De advocaat-generaal heeft zich tegen toewijzing van de verzoeken verzet.
Het hof markeert dat op de voet van artikel 328 juncto 415 Sv de verdachten het verzoek kunnen doen. Opmerking verdient evenwel dat namens de verdachten niet is onderbouwd welk belang zij hebben bij de verzochte beslissing. Er is verwezen naar de onevenredige belasting van het strafgeding als algemene maatstaf maar dat het voeren van verweer tegen alle vorderingen hen in het kader van hun verdediging onevenredig belast is niet gesteld. Zelfs bij welwillende lezing van de onderbouwing kan niet worden afgeleid dat is beoogd dit te betogen. Het hof zal ondanks dit weinig gearticuleerde belang overgaan tot bespreking en beoordeling van de verzoeken.
De hiervoor gestelde regeling heeft ten doel een zinloze behandeling van de civiele vordering te voorkomen. Dit kan bijvoorbeeld het geval zijn indien op voorhand evident is dat de behandeling van de vordering leidt tot een onevenredige belasting van het strafgeding, zoals bedoeld in artikel 361, derde lid, Sv.

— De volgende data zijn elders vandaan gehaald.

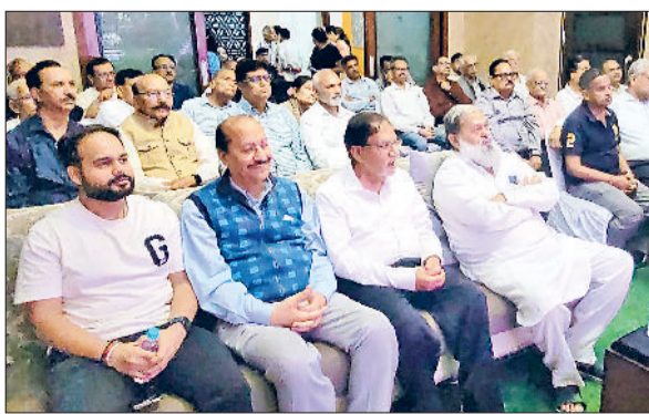
अंबाला। मन की बात कार्यक्रम देखते मंत्री अनिल विज।

उन्होंने कहा कि प्रधानमंत्री नरेंद्र मोदी हमारे प्रिय मित्र, फिलोस्फर व गाइड हैं। मन की बात कार्यक्रम के
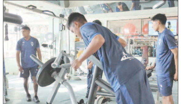
El trabajo en gimnasio en estos días es exigente para los integrantes de GV San José

El CDT Real Oruro está participando en la Copa "Simón Bolívar" y comenzó bastante bien, con una victoria holgada ante Ingenieros (6-1). Esto hace suponer que será un importante sparring para el conjunto de GV San José, recordando los duelos que se han dado entre estas dos instituciones deportivas durante los últimos dos años, tanto en el torneo local como en la Copa "Simón Bolívar". Ambos equipos estaban enfocados en llegar a la División Profesional. Hasta el momento, GV San José ha cumplido el objetivo, mientras que
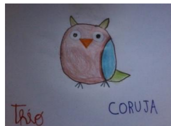
Acervo Pessoal: Desenho das Crianças de Petrópolis do Passo a Passo da Coruja
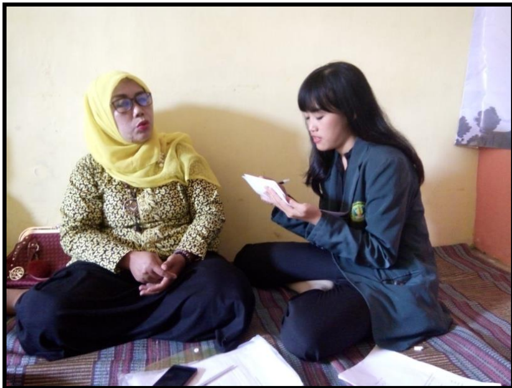
Wawancara keterampilan kader
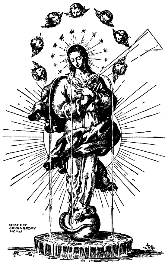
«La Virgen de Schola»
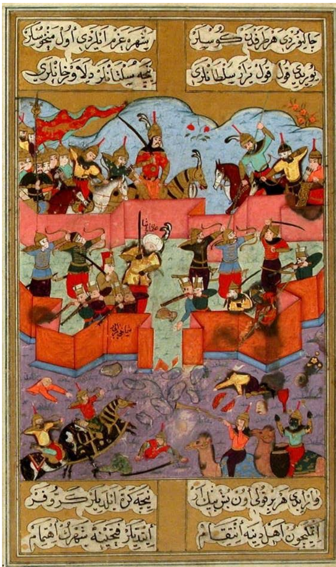
Osmanlı-Səfəvi döyüşündən bir səhnə (Şamaxı döyüşü)
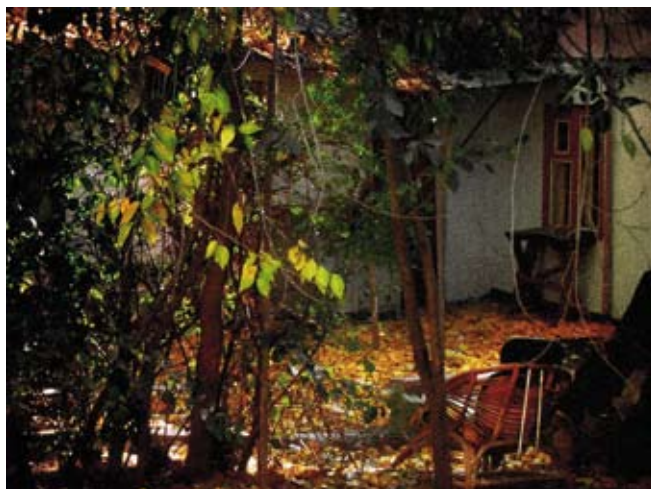
И. Судек. Осенний дворик

Сегодня техника фотографирования, пережив множество усовершенствований, достигла цифрового уровня. Компьютер помогает добиться необычайного эффекта в фотографии, дает возможность соединять различные объекты, трансформировать или частично менять форму, фактуру или цвет предметов, комбинировать объекты наподобие коллажа.
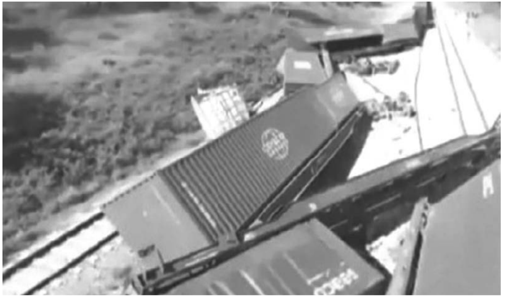
Zu den im Programm angeklagten Vandalen gehören die vier Schuldigen an der Entgleisung eines vom Container-Terminal Mariel kommenden Güterzugs am 26. Mai 2019

Ihre eigenen Veröffentlichungen in den sozialen Netzen verweisen auf eine
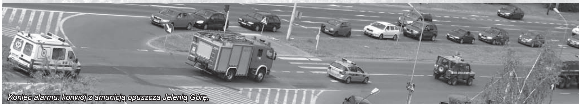
Koniec alarmu: konwój z amunicją opuszcza Jelenią Górę.

konwoju wywieziono je poza Jelenią Górę w celu detonacji. Miasto odetchnęło. Praca saperów zakończyła się dopiero po godz. 20, kiedy w dwóch
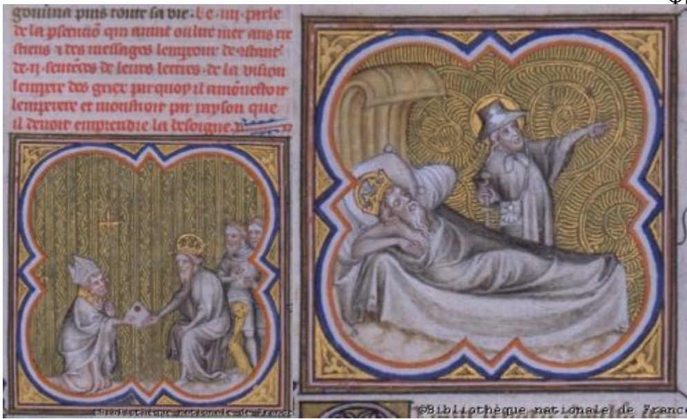
Карл получает Сен-Клу
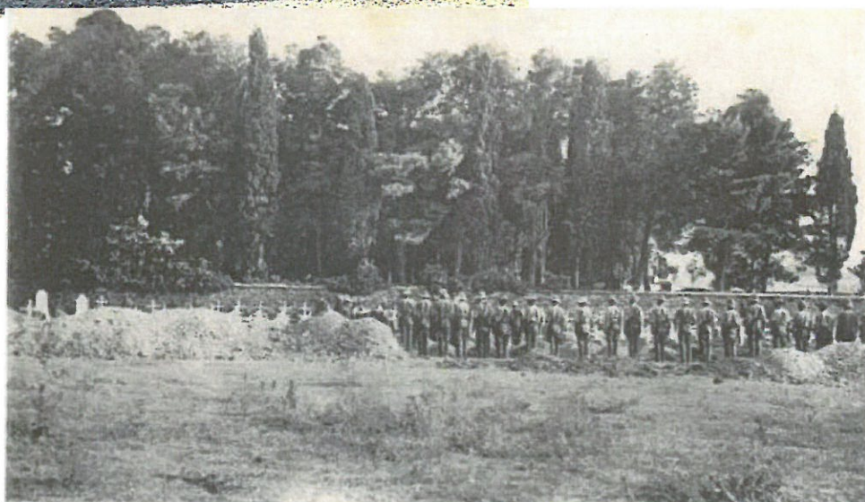
193. - SALONIQUE - Cimetière des Alliés à Zeitenlik, côté Anglais

Carte postale datée du 16 septembre 1918 montrant le côté Anglais du cimetière de Zeitenlik ▼
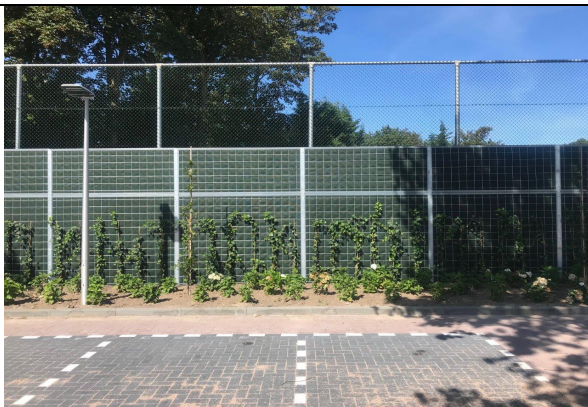
Voorkant en achterkant scherm

Daarbij dienen alle omstandigheden van het geval in hun samenhang te worden betrokken. Als er sprake is van een veelheid van vorderingen kan dit een factor van betekenis zijn. Daarnaast spelen tal van andere factoren een rol. Te denken valt onder meer aan de inhoud van de vordering, de geboden onderbouwing, de aard van de schade, de samenhang met de tenlastelegging, de omvang van de strafzaak en de proceshouding van de verdachte.
Aan alle vier verdachten die zich met dit verzoek tot het hof hebben gericht is – samengevat - ten laste gelegd:
1. Deelneming aan een criminele organisatie met onder meer het oogmerk flessentrekkerij in de periode 1 januari 2011 tot en met 4 november 2014,
2. Medeplegen van flessentrekkerij in de periode 27 augustus 2014 tot en met 4 november 2014.
Het gaat derhalve om een pleegperiode van aanzienlijke duur. Daarnaast gaat het zowel bij het oogmerk van de onder 1 ten laste gelegde organisatie als bij het onder 2 ten laste gelegde misdrijf om een delict dat gekenmerkt wordt door een zekere veelheid aan gedragingen die nadeel voor anderen opleveren. Het is het totaal aan onrechtmatige gedragingen dat het misdrijf flessentrekkerij oplevert. Hieraan is inherent dat het aantal gedupeerden dat zich als benadeelde partij voegt in de betreffende strafzaak groot kan zijn.
Nadat de rechtbank alle 91 benadeelde partijen in hun vorderingen niet-ontvankelijk heeft verklaard zijn in hoger beroep aan de orde:
1. In de zaak A 44 benadeelde partijen
2. In de zaak B 41 benadeelde partijen
3. In de zaak C 3 benadeelde partijen
4. In de zaak D 21 benadeelde partijen.
Een korte verkennende blik op de vorderingen levert het beeld op dat deze in de kern telkens betrekking hebben op door de benadeelden aan één of meer verdachten geleverde goederen die, naar de benadeelden stellen, niet zijn betaald.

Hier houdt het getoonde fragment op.